Says OECD report
Mental ill-health is costing the UK more than £94bn every year, counting treatment, social support costs and the losses to the economy from people who cannot work, according to the OECD.
The Organisation for Economic Co-operation and Development’s report shows the whole of Europe is struggling with the burden of mental ill-health, which affects an estimated 84 million people – one in six. The cost to the UK economy is in line with the average for Europe at 4% of GDP. Nearly half the UK costs (£42bn) are indirect costs related to lower employment and productivity.
“It is a challenge in virtually all countries,” said Gaetan Lafortune, one of the report’s authors. “We are not signalling that any country would be the model to follow. The general message is the need for a greater priority on the promotion of mental health and improving services.”
The report looks at ways to help people of all ages with mental health problems. Schools “are an ideal setting for interventions”, says the report, citing a survey that showed 11% of children aged 11, 13 and 15 had been bullied at least once by some form of internet message or posting.

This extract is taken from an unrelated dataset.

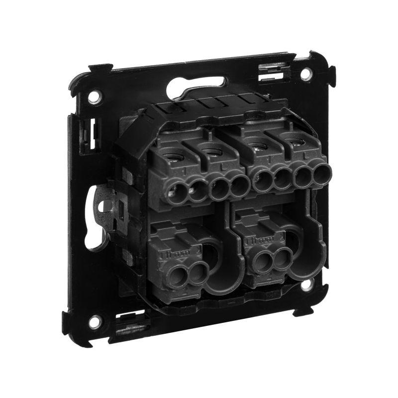 Кнопка двухклавишная. Назначение: для монтажа в подрозеточные коробки глубиной не менее 45 мм (код 59301). Используется для кратковременного включения источника питания. Характеристики: 2 модуля, диаметр отверстий для ввода кабелей – 3 мм (по 2 отверстия на одну клемму); винтовые зажимы; шаблон для зачистки кабеля – 11 мм; номинальный ток – 10 A; номинальное напряжение – 230 В. Фиксация производится в подрозеточные коробки при помощи каркаса с лапками (код 4400802) и саморезов. Цвет: "Черный матовый".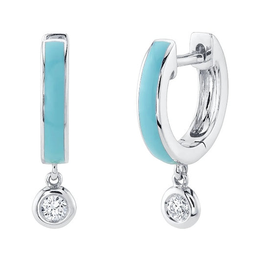 14K Gold 0.08 CT Diamond Turquoise Enamel Huggie Earrings Drop Round Bezel Set

The mental health of unemployed and older people was also of great concern. The report highlighted efforts in England to combat loneliness with lunch clubs and befriending services.
Health at a Glance is a major annual review by the OECD of the extent of ill-health, prevention and care across the European Union. It shows a slowdown across Europe in rising life expectancy as the drop in cardiovascular deaths – including heart attacks and strokes – slows down, possibly linked to lifestyle issues including obesity and alcohol.
More than 1.2 million people die prematurely in Europe every year. Of those deaths 790,000 are linked to tobacco smoking, alcohol consumption, unhealthy diets and lack of physical activity.
This year the report says that improving people’s mental health should be a Europe-wide priority. In 2015, it says the deaths of 84,000 people were attributed to mental illness or suicide. Anxiety disorder affects 25 million, more than 5% of the population. Depressive disorders affect 21 million or 4.5%, while 11 million have alcohol and drug disorders and 5 million have severe illnesses such as bipolar disorders.
Finland, the Netherlands, France and Ireland have the highest rates of mental health disorders with more than 18% of people affected, while in the UK it is 17.7%. The rates may be higher in some countries partly because there is more willingness to seek medical help and less stigma.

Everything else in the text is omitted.